---- INPUT RECORDS

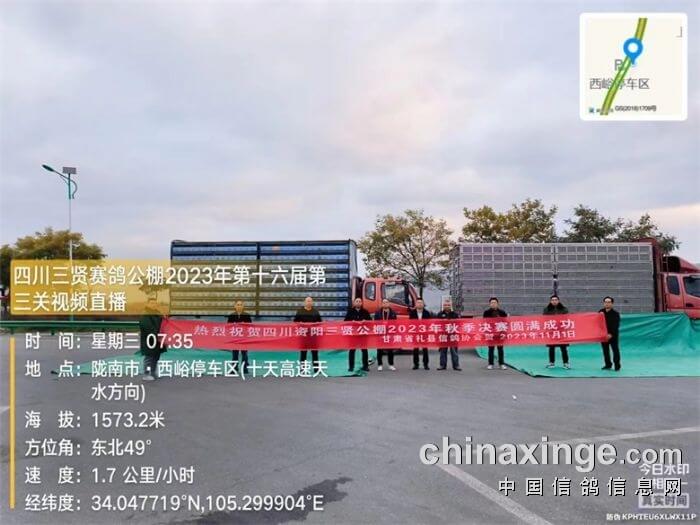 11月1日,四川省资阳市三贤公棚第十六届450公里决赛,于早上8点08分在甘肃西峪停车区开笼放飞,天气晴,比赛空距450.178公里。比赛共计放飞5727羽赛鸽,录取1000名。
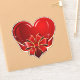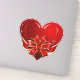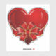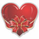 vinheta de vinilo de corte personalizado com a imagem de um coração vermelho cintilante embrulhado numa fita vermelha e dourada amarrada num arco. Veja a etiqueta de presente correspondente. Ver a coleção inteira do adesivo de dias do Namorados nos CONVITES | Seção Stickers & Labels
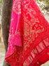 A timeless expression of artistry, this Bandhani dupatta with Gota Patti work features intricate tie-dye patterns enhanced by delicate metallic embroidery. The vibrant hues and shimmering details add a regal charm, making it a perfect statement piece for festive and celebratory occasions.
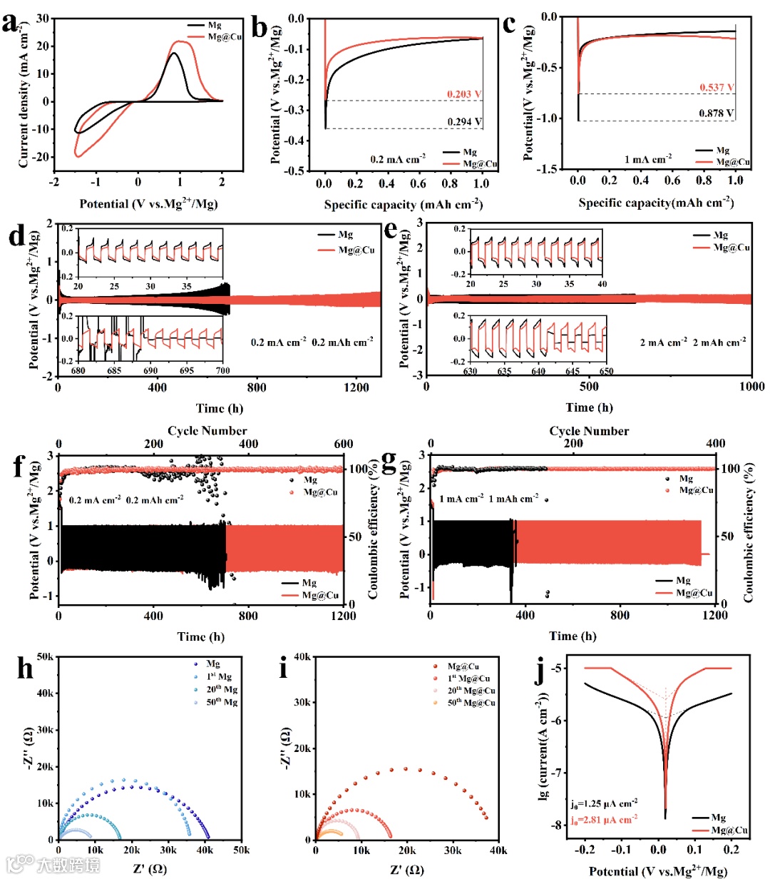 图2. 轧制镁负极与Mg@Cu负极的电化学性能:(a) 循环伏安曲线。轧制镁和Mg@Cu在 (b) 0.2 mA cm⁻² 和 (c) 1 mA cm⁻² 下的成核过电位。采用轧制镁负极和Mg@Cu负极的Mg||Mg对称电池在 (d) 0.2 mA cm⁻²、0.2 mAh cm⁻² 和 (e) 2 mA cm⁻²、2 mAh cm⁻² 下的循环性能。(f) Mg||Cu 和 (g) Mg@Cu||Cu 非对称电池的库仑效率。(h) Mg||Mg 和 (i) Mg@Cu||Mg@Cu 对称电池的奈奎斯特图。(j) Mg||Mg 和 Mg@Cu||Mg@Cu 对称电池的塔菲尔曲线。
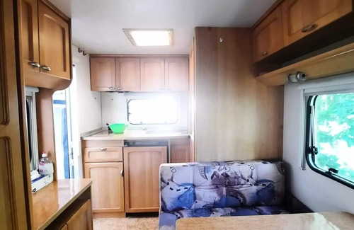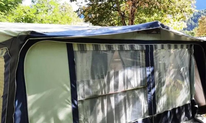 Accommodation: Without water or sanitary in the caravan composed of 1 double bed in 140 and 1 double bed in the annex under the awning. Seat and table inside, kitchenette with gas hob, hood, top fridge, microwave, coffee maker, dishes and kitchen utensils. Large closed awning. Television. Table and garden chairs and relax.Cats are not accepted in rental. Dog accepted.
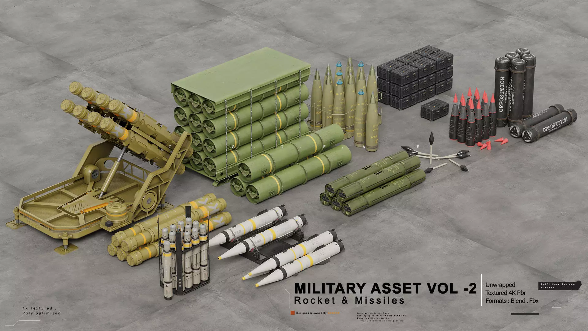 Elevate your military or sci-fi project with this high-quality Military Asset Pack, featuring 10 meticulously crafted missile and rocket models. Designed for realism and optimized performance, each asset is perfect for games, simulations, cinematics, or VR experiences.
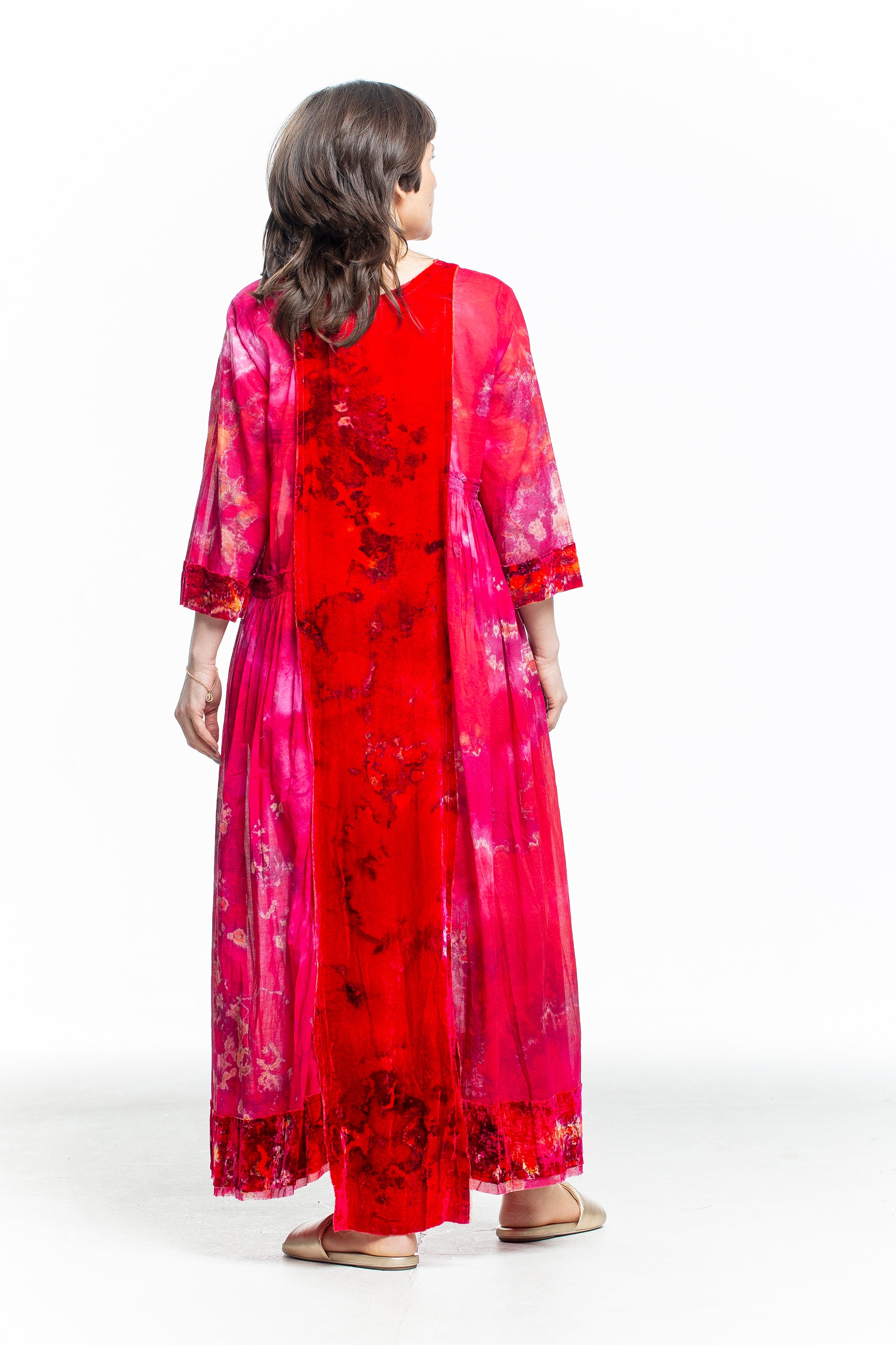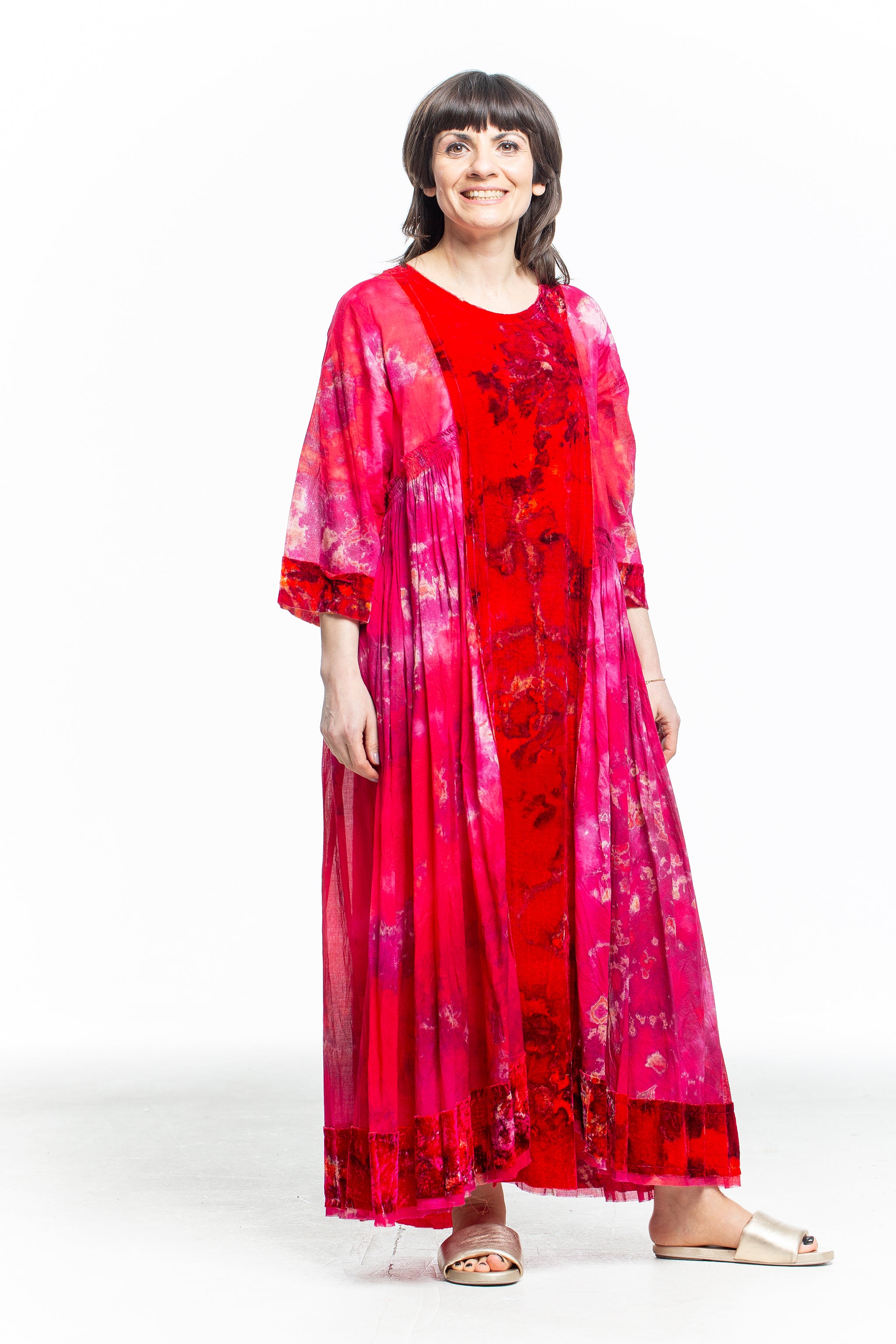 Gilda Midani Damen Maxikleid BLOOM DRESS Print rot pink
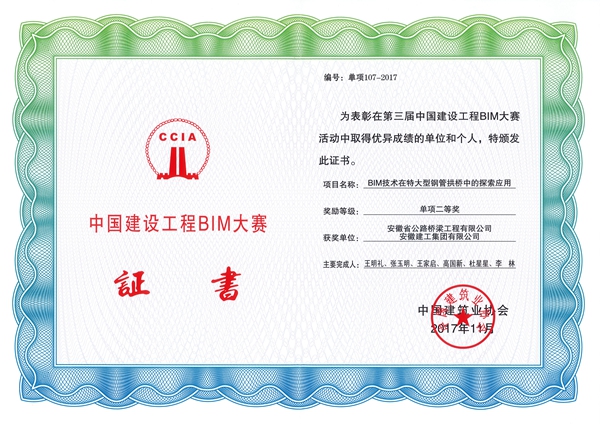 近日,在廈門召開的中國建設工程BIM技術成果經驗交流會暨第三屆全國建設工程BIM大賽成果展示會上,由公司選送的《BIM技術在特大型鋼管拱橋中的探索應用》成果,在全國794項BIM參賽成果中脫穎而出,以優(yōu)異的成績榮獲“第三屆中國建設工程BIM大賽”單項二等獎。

--------

Except for the pictures, write the data out exactly.

 11月1日,四川省资阳市三贤公棚第十六届450公里决赛,于早上8点08分在甘肃西峪停车区开笼放飞,天气晴,比赛空距450.178公里。比赛共计放飞5727羽赛鸽,录取1000名。
 vinheta de vinilo de corte personalizado com a imagem de um coração vermelho cintilante embrulhado numa fita vermelha e dourada amarrada num arco. Veja a etiqueta de presente correspondente. Ver a coleção inteira do adesivo de dias do Namorados nos CONVITES | Seção Stickers & Labels
 A timeless expression of artistry, this Bandhani dupatta with Gota Patti work features intricate tie-dye patterns enhanced by delicate metallic embroidery. The vibrant hues and shimmering details add a regal charm, making it a perfect statement piece for festive and celebratory occasions.
 图2. 轧制镁负极与Mg@Cu负极的电化学性能:(a) 循环伏安曲线。轧制镁和Mg@Cu在 (b) 0.2 mA cm⁻² 和 (c) 1 mA cm⁻² 下的成核过电位。采用轧制镁负极和Mg@Cu负极的Mg||Mg对称电池在 (d) 0.2 mA cm⁻²、0.2 mAh cm⁻² 和 (e) 2 mA cm⁻²、2 mAh cm⁻² 下的循环性能。(f) Mg||Cu 和 (g) Mg@Cu||Cu 非对称电池的库仑效率。(h) Mg||Mg 和 (i) Mg@Cu||Mg@Cu 对称电池的奈奎斯特图。(j) Mg||Mg 和 Mg@Cu||Mg@Cu 对称电池的塔菲尔曲线。
 Accommodation: Without water or sanitary in the caravan composed of 1 double bed in 140 and 1 double bed in the annex under the awning. Seat and table inside, kitchenette with gas hob, hood, top fridge, microwave, coffee maker, dishes and kitchen utensils. Large closed awning. Television. Table and garden chairs and relax.Cats are not accepted in rental. Dog accepted.
 Elevate your military or sci-fi project with this high-quality Military Asset Pack, featuring 10 meticulously crafted missile and rocket models. Designed for realism and optimized performance, each asset is perfect for games, simulations, cinematics, or VR experiences.
 Gilda Midani Damen Maxikleid BLOOM DRESS Print rot pink
 近日,在廈門召開的中國建設工程BIM技術成果經驗交流會暨第三屆全國建設工程BIM大賽成果展示會上,由公司選送的《BIM技術在特大型鋼管拱橋中的探索應用》成果,在全國794項BIM參賽成果中脫穎而出,以優(yōu)異的成績榮獲“第三屆中國建設工程BIM大賽”單項二等獎。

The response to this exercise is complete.